Note:
This topic has been translated from a Chinese forum by GPT and might contain errors.
Original topic: 线上pt-osc变更模式下,不开启dm的pt-osc功能如何才能追踪到rename语句表结构变更
[TiDB Version]
DM: v5.4.1
[Scenario]
Due to the large volume of our data, the upstream has performed database sharding. The disk where our DM tool is located cannot support multiple data sources for full synchronization simultaneously, so we split it into multiple tasks for synchronization. For example, student_01_db is split into one task, and student_02_db is split into another task.
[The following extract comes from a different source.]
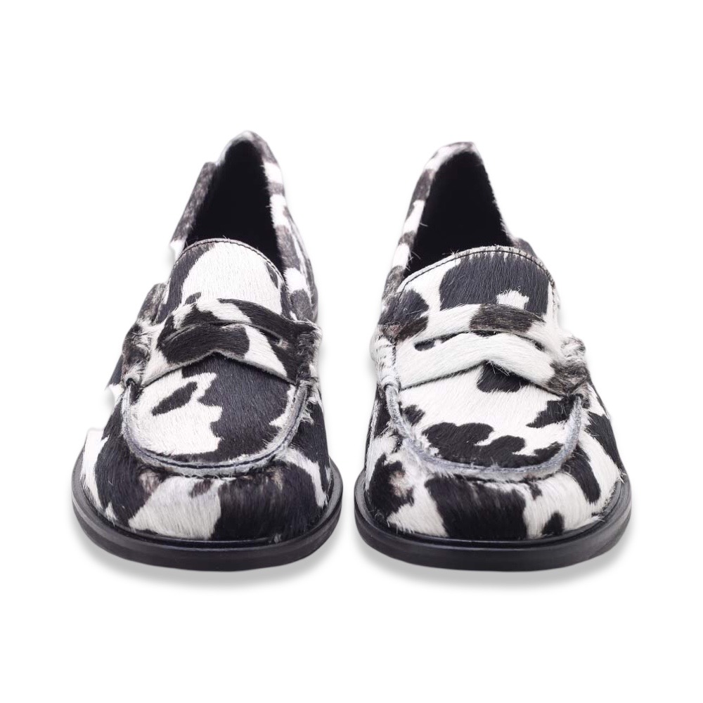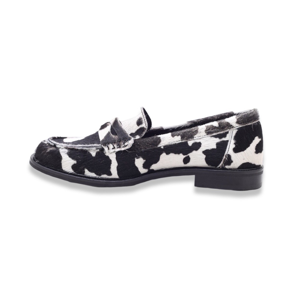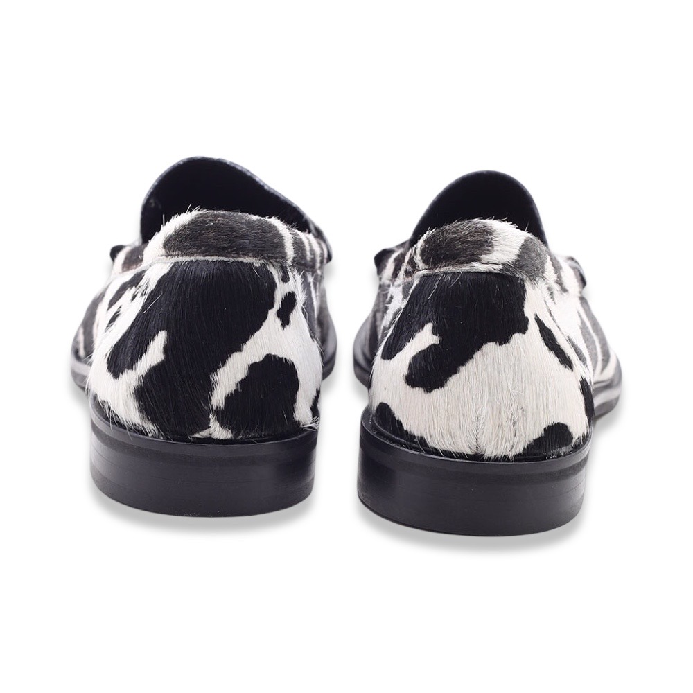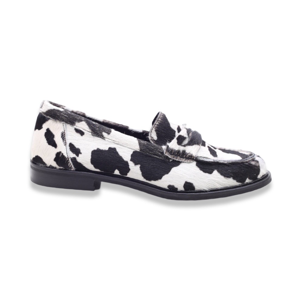 Distinguiti con grinta e originalità grazie a questi mocassini da donna in cavallino con stampa animalier effetto mucca, realizzati artigianalmente in Italia. Una calzatura che osa, perfetta per chi ama sperimentare e aggiungere un tocco audace ai propri outfit.

Therefore, since we are synchronizing data to the same table in TiDB from multiple tasks simultaneously, we cannot use the pt-osc feature of the DM tool to automatically change the table structure.
When the upstream MySQL directly performs DDL, dm_meta can monitor the table structure changes. However, when the upstream uses pt-osc, if pt-osc is not enabled in dm_meta, it cannot monitor such table structure changes like rename, resulting in dm_meta still having the old information. This causes field inconsistency errors when writing to the downstream.
Does DM have compatibility for this scenario?
Currently, we are considering modifying it ourselves to make it compatible if it is not already.
For 1. DM worker can be deployed on multiple machines. Are you saying that the combined disk space of the entire cluster is still not enough for a full migration in this scenario?
For example: Our upstream student_tab table has 3000 sub-tables. Since the full synchronization phase is task-based, our disk cannot accommodate 3000 sub-tables at once. Therefore, we split it into two tasks, each with 1500 sub-tables, and perform full + incremental synchronization separately.
For 2.3
Although the DM tool can track upstream rename table structure changes after enabling online, as mentioned in point 1, we have two tasks synchronizing one table in TiDB simultaneously. Therefore, enabling DM’s pt-osc might cause the TiDB table to execute the DDL twice.
For 4
The current issue is that due to cross-task synchronization, we cannot enable online and have to manually change the TiDB table structure. As a result, dm_meta cannot track the rename table structure changes caused by upstream pt-osc operations.
You can also try using s3 as the full directory. This feature currently has no documentation. The usage is to change the loader’s dir configuration
to an s3 address
Looking forward to your feedback on this feature!
This topic was automatically closed 60 days after the last reply. New replies are no longer allowed.